● **Problem**: Each line in the material below, starting at the one that contains "(Hasbro, 2019) A" and ending at the one that contains "Lintuhäkin muotoinen teräshuvimaja", should be repeated exactly; the pictures should not.
==== Records shown
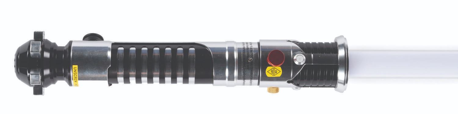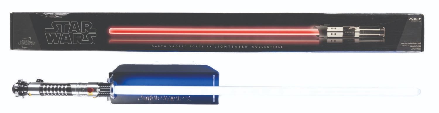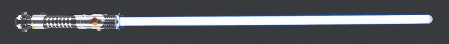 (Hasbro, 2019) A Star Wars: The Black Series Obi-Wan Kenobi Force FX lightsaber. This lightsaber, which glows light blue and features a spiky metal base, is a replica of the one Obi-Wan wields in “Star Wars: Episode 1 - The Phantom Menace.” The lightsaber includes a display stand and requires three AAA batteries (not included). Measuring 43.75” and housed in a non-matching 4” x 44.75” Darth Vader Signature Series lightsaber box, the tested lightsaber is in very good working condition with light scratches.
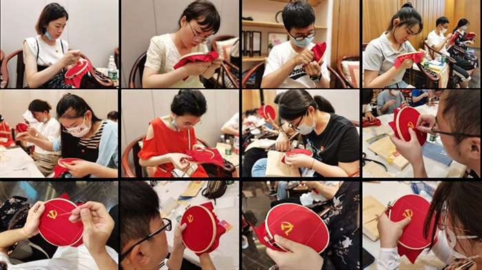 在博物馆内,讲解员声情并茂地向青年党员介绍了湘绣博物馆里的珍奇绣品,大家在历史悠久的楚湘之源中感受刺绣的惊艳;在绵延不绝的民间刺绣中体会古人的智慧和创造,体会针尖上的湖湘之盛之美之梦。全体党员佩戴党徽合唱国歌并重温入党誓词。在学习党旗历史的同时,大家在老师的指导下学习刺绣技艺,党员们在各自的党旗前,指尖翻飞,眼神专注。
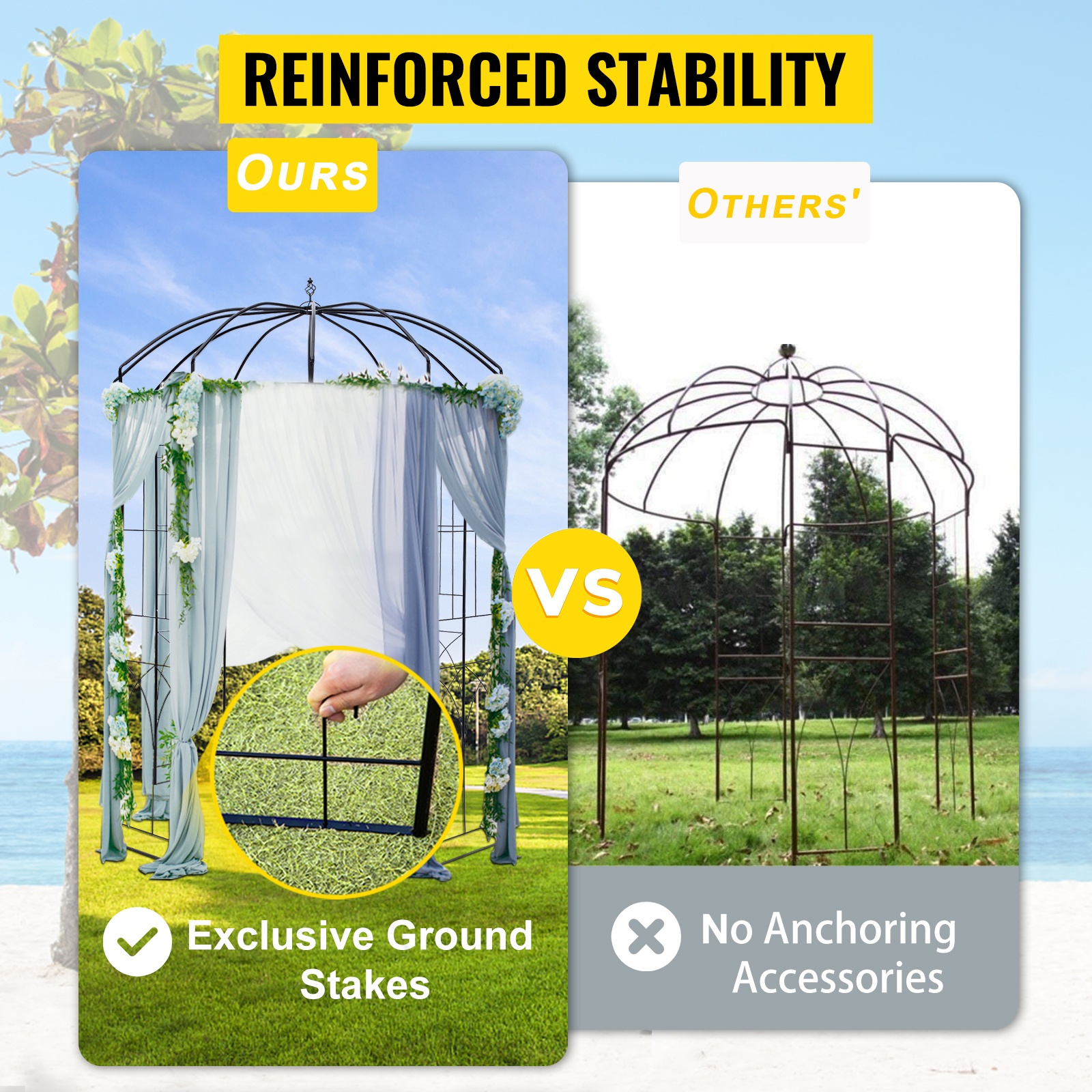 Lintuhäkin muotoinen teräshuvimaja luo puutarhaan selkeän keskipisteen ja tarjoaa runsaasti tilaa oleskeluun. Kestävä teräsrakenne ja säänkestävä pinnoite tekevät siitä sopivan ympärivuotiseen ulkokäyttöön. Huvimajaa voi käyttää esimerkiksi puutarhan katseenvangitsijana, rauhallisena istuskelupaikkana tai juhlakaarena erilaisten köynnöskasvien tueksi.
========
==== Records shown
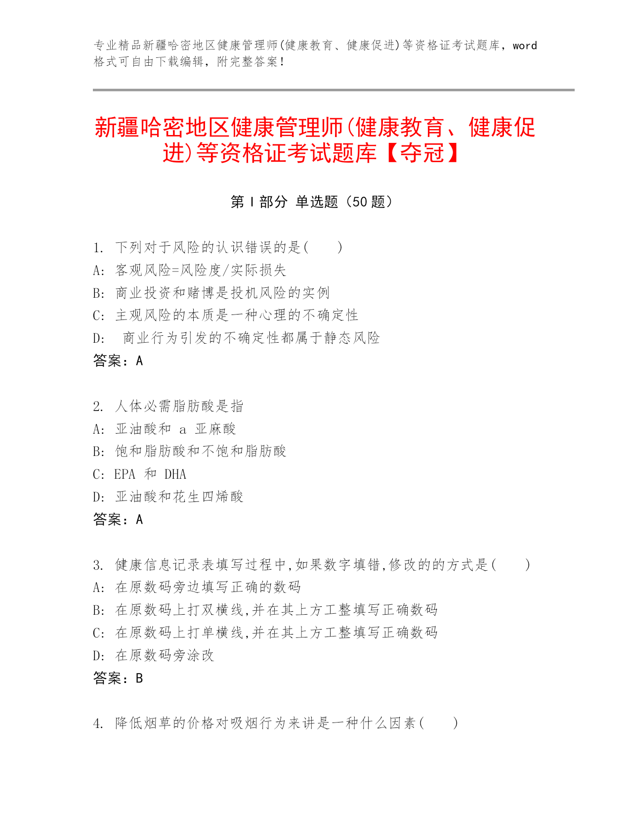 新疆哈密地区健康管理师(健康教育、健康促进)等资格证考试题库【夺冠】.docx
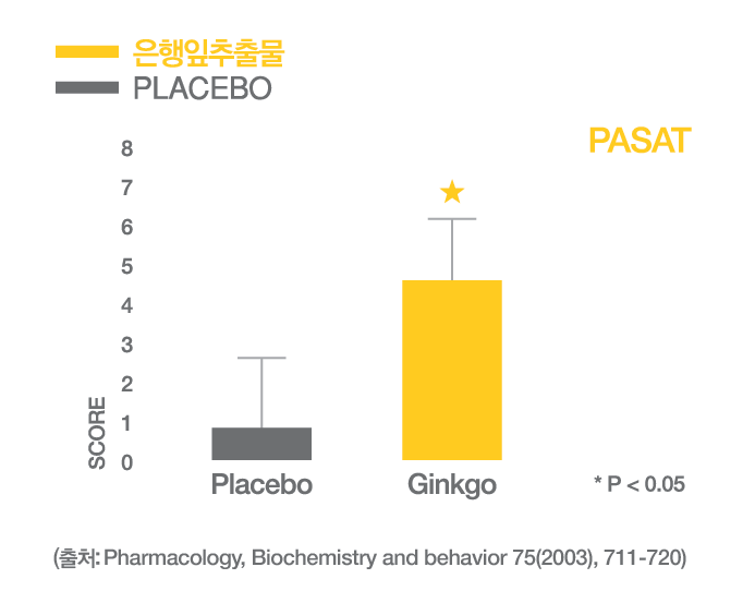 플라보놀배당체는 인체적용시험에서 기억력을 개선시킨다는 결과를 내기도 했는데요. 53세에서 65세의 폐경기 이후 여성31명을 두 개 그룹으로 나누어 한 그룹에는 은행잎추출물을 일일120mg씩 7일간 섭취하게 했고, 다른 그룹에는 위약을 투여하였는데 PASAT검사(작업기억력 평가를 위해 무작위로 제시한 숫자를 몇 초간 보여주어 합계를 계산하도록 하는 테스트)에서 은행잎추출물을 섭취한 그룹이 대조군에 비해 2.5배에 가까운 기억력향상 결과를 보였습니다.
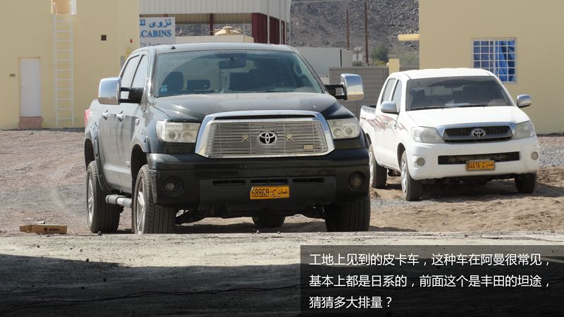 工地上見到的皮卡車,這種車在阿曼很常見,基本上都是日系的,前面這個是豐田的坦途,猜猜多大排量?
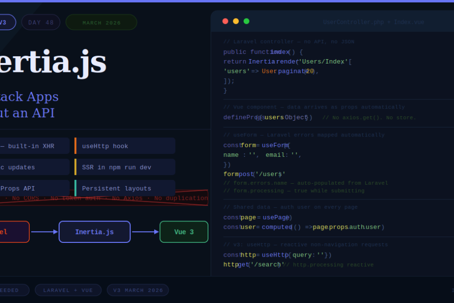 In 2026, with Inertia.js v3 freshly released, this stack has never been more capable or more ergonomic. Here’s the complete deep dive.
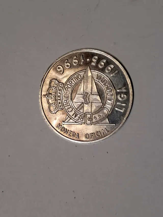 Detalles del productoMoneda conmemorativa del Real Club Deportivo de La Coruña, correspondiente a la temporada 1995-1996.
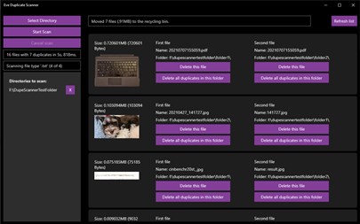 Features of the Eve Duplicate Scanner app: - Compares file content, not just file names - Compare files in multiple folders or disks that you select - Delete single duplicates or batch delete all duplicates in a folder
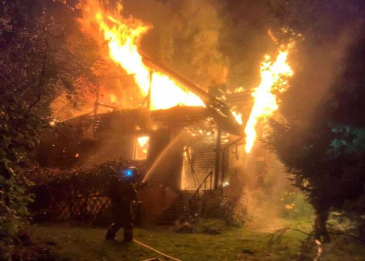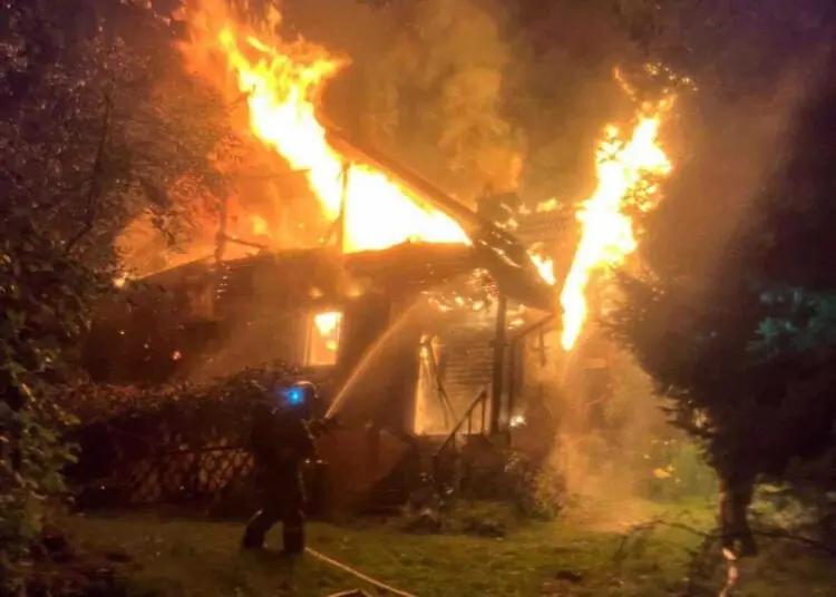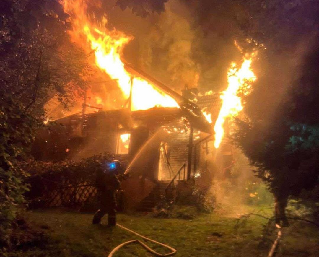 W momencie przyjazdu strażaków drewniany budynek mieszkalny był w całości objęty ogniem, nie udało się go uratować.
========
● **Response below**:
 (Hasbro, 2019) A Star Wars: The Black Series Obi-Wan Kenobi Force FX lightsaber. This lightsaber, which glows light blue and features a spiky metal base, is a replica of the one Obi-Wan wields in “Star Wars: Episode 1 - The Phantom Menace.” The lightsaber includes a display stand and requires three AAA batteries (not included). Measuring 43.75” and housed in a non-matching 4” x 44.75” Darth Vader Signature Series lightsaber box, the tested lightsaber is in very good working condition with light scratches.
 在博物馆内,讲解员声情并茂地向青年党员介绍了湘绣博物馆里的珍奇绣品,大家在历史悠久的楚湘之源中感受刺绣的惊艳;在绵延不绝的民间刺绣中体会古人的智慧和创造,体会针尖上的湖湘之盛之美之梦。全体党员佩戴党徽合唱国歌并重温入党誓词。在学习党旗历史的同时,大家在老师的指导下学习刺绣技艺,党员们在各自的党旗前,指尖翻飞,眼神专注。
 Lintuhäkin muotoinen teräshuvimaja luo puutarhaan selkeän keskipisteen ja tarjoaa runsaasti tilaa oleskeluun. Kestävä teräsrakenne ja säänkestävä pinnoite tekevät siitä sopivan ympärivuotiseen ulkokäyttöön. Huvimajaa voi käyttää esimerkiksi puutarhan katseenvangitsijana, rauhallisena istuskelupaikkana tai juhlakaarena erilaisten köynnöskasvien tueksi.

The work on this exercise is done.